Since pictures are not part of the copy, please output only the lines from the one with "This will often" through the end of the data below, exactly as written.

_GIVEN DATA:_
****

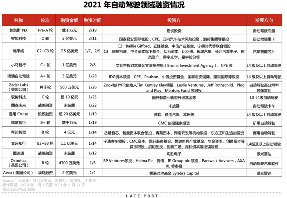 疫情之下,人们对无接触式配送、出行的需求以及政策支持推动了自动驾驶赛道的融资。据《晚点 LatePost》不完全统计,2021 年以来,在不到两个月时间里,全球自动驾驶领域已发生 15 起融资事件,总金额超 250 亿元人民币,涉及 Robotaxi (自动驾驶出租车)、港口、矿用和重卡等多个应用场景。其中,融资额最高的是新获得 20 亿美元投资的通用旗下自动驾驶公司 Cruise。
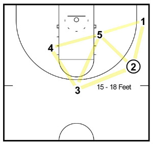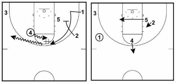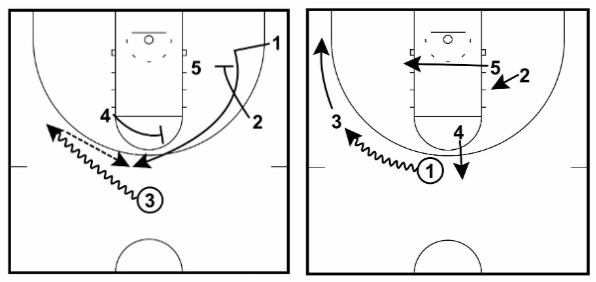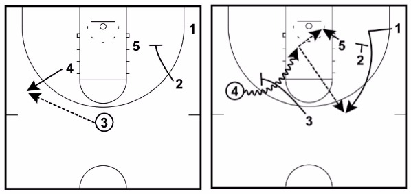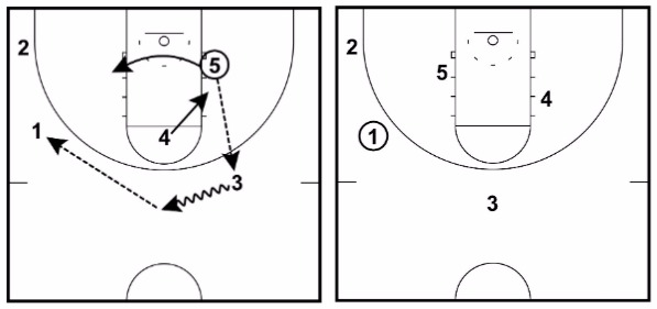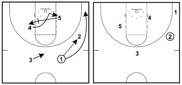 This will often lead to 1 getting an open midrange or three-point shot, a drive in for an open layup, or a pass to either 3 or 5 on the drive to the hoop.
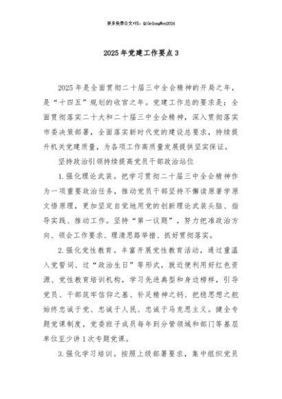 / 【七哥公文】2024年:2025年党建工作要点3 (1)+更多免费公文+VX:QiGeGongWen2024

****

_ANSWER TO THE EXERCISE:_
 This will often lead to 1 getting an open midrange or three-point shot, a drive in for an open layup, or a pass to either 3 or 5 on the drive to the hoop.
 / 【七哥公文】2024年:2025年党建工作要点3 (1)+更多免费公文+VX:QiGeGongWen2024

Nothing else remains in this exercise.